La Toyota Prius plug-in che provo nel 2024 rappresenta l’ultima evoluzione di un modello al quale sono molto legato.
Io c’ero
Nel 1997 al Salone di Tokyo, quando a sorpresa la Toyota presentò la prima generazione di quest’auto, piuttosto goffa, piccola e secondo molti anche bruttina, io c’ero.
Sulle mie lavagne universitarie l’ibrido era già la soluzione più spiegata e secondo me si trattava dell’inevitabile evoluzione dell’auto, destinata a cambiare rispetto a come tutti la conoscevamo, con il solo motore a combustione interna ciclo Otto oppure Diesel, alimentato da benzina, gasolio, gpl o metano.

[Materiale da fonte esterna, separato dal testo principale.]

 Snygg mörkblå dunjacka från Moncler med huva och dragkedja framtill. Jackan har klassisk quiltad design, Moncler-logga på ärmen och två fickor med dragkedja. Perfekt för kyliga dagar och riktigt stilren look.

In quel periodo anche secondo i più ottimisti, vista la ritrosia delle case auto ad investire in questa tecnologia e ad avventurarsi nel percorso di elettrificazione, un’auto ibrida-elettrica sul mercato non sarebbe arrivata prima di 5, forse addirittura 10 anni.
Invece la Toyota di Hiroshi Okuda (presidente del gruppo nel 1997) stupì tutti e, in vista del vertice climatico delle Nazioni Unite di Kyoto del dicembre 1997 (oggi classificato e conosciuto come Cop 3), presentò la Toyota Prius Hybrid per introdurla immediatamente sul mercato in Giappone e, in seguito, in molti altri paesi del mondo.

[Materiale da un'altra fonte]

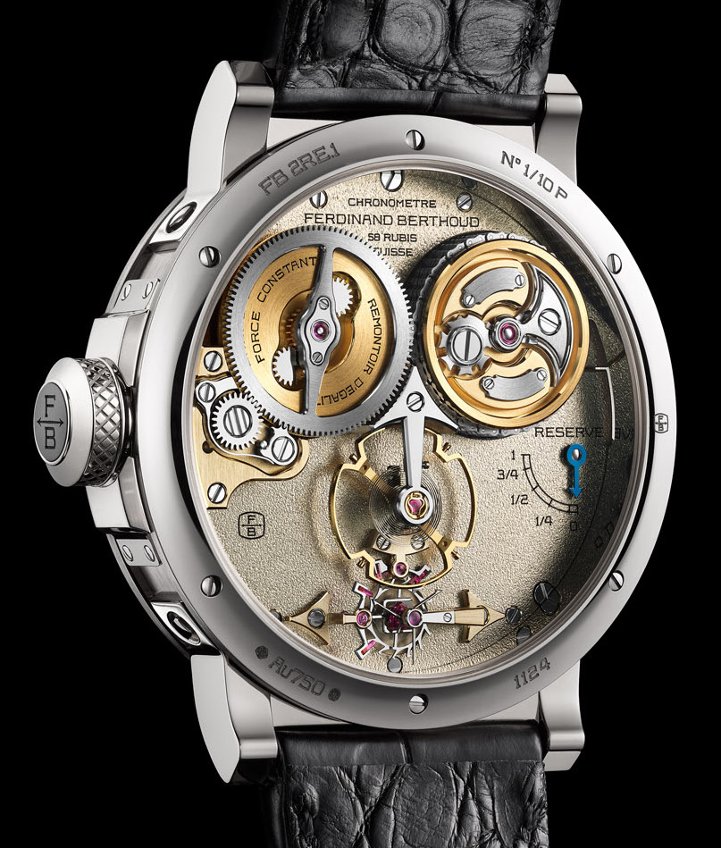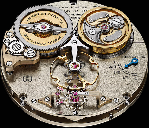 Il movimento a carica manuale è il Calibro FB-RE.FC, forza costante con trasmissione a fuso e catena con fuso e bariletto sospesi, cioè fissati su un solo punto della platina; due i brevetti ottenuti: uno per il fuso (sistema di differenziale di carica) e uno per il bariletto (sistema di arresto a Croce di Malta); la catena è composta da 790 elementi ed è lunga mm 285; il remontoir d’egalité ha un dispositivo di arresto dei secondi (secondi morti) che ferma il bilanciere quando la corona è estratta garantendo la massima precisione cronometrica durante la messa all’ora sincronizzata con un orologio di riferimento. Bilanciere Ferdinand Berthoud a due bracci e inerzia variabile, A/h 18.000, 26 ponti in alpacca, di forma particolare, fissati su 10 pilastri in acciaio che trattengono gli organi meccanici, così come accadeva nei cronometri da Marina di Berthoud.

L’era dell’elettrificazione
Con la Toyota Prius, non c’è alcun dubbio, inizia l’era dell’elettrificazione moderna dell’automobile. Mentre in Europa e negli Usa si accusa la Toyota di vendere la sua Prius a un prezzo troppo basso rispetto ai costi di produzione, la tecnologia dei due motori (combustione interna a benzina ed elettrico a batterie) fa scoprire le sue doti.

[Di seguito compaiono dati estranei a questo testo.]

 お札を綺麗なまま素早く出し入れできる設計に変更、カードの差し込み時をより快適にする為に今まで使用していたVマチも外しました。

Oltre alla riduzione di consumi ed emissioni, l’ibrido dimostra di poter raggiungere anche la riduzione dei guasti.
Qui sotto il risultato di uno degli studi più recenti, svolto dal sito inglese Which.co.uk su auto ibride (non soltanto Toyota) presenti sul mercato nel Regno Unito.
Due è meglio di uno
Questo in assoluta contraddizione con una delle critiche più sonore che si ascoltavano in quegli anni, relativa al fatto che il sistema era troppo complesso e, di conseguenza, si sarebbe dimostrato poco affidabile.
Invece le cose stavano andando su strada in maniera totalmente diversa. L’aiuto reciproco che le due catene energetiche sono in gradi di darsi, permette alla Toyota Prius di essere estremamente affidabile. Memorabili sono le prove di durata che si sono susseguite nel tempo, dimostrando quello che chi stava guidando un’auto ibrida poteva riscontrare direttamente con grand evidenza. Due motori sono meglio di uno.
Prius di quinta generazione
Dopo essere stata per generazioni un’auto che guardava poco all’estatica, con la quinta generazione la Prius diventa un oggetto di design.
Certo, non è un Suv. Quindi sul nostro mercato più di tanto non può fare. Però è slanciata, agile su strada e fa girare la testa a molte persone lungo la strada. Aiuta anche la colorazione giallo senape, che non la fa passare inosservata. Ma l’impressione costante è che piaccia.
Se ne dovessero farne una versione Suv mantenendo questa impostazione estetica, sarebbe meglio della Lamborghini Urus!
Arriva a dirmi un appassionato di auto nel parcheggio centrale a Frascati, vicino Roma.
Grande guidabilità e tanti chilometri in elettrico
Su strada la Toyota Prius V Phev fa esaltare chi ne è alla guida. Non porta ad accelerare oltre misura, da buona ibrida, ma risponde sempre in maniera estremamente rassicurante alle sollecitazioni del guidatore, sia in termini di accelerazione (in elettrico, come in ibrido a batterie scariche) che di traiettoria.
Leggermente dure le sospensioni su dossi e cunette ma anche questo contribuisce a tratteggiare un carattere che non diventa mai anonimo.
Ricaricando comodamente in garage, anche dalla normale presa Schuko 240V, si parte sempre col pieno nelle batterie e nella mia prova l’autonomia va dai 65 agli 85 chilometri senza prestare estrema attenzione alla limitazione dei consumi. Guidando in modo accorto, l’autonomia in elettrico registrata nella mia prova arriva a 95 chilometri in città.